Огромное количество шантажистов, которыми кишела Варшава, тоже представляло собой серьезную угрозу. Частично из-за популярности черного рынка перед войной и привычки легко добиваться желаемого с помощью небольших чаевых и взяток, Варшава молниеносно превратилась в город, населенный хищниками и жертвами всех видов, включая порядочных и продажных, неподкупных и беспринципных, закоренелых преступников и жалких трусов или пособников нацистов, а также авантюристов, которые жонглировали собственной жизнью и жизнями других, словно горящими факелами. Поэтому показалось разумным спрятать на время «гостей» в каком-нибудь другом месте. Пани Девитцова, которая до войны преподавала в школе вместе с Яном, предложила укрыть Магдалену и Маурыция в своем пригородном доме, однако прошло несколько недель, и она, испугавшись, отправила их обратно, уверяя, что какие-то подозрительные незнакомцы начали следить за ее домом. Антонина сомневалась в этом. «Неужели в пригороде опаснее, чем в Варшаве?» – недоумевала она. Возможно, так оно и было, однако она подозревала, что дело тут в другом, и это лишь следствие того, как люди приспосабливаются к жизни, полной страха и неопределенности.

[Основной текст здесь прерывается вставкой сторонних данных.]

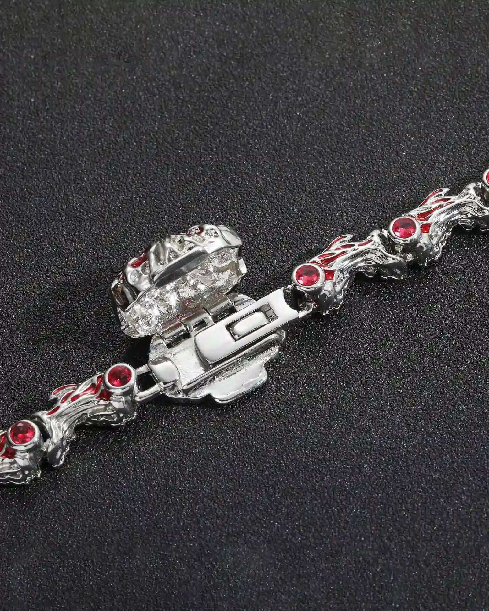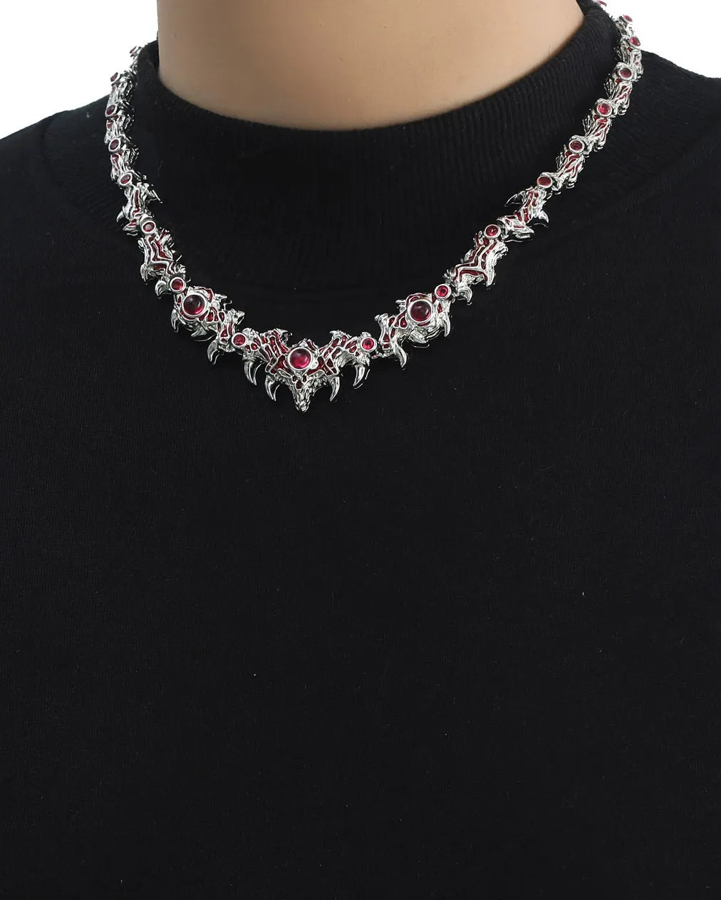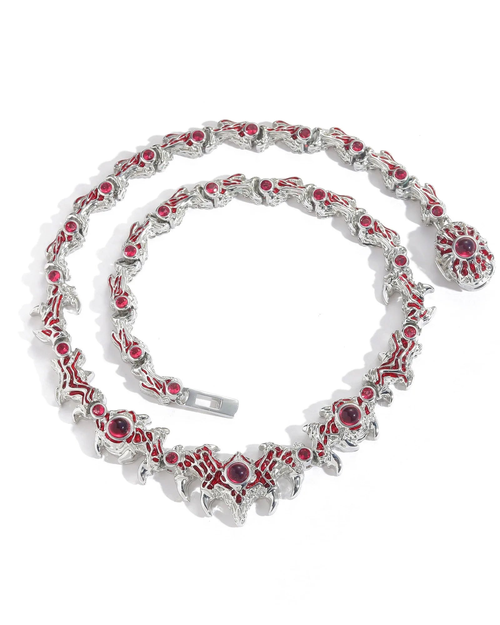 "Entwined with thorns, each crimson gem resembles a watchful eye. A fusion of silver thorns and blazing stones — mysterious, fierce, and unbound."
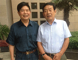 時任河南省人民政府省長郭庚茂先生(左)與臺州商會支部書記、《百花散》傳人梅安富先生合影

Эммануэль Рингельблюм писал о «психозе страха», который охватывает многих при мысли о побеге на арийскую сторону:
«Именно эти воображаемые страхи, предположение, будто за тобой наблюдает сосед, швейцар, управляющий или прохожий на улице, и составляют главную опасность, потому что еврей… выдает себя, озираясь по сторонам, чтобы понять, не наблюдает ли кто за ним, на лице его тревога, испуганный взгляд зверя, на которого охотятся, вынюхивающего повсюду какую-то опасность»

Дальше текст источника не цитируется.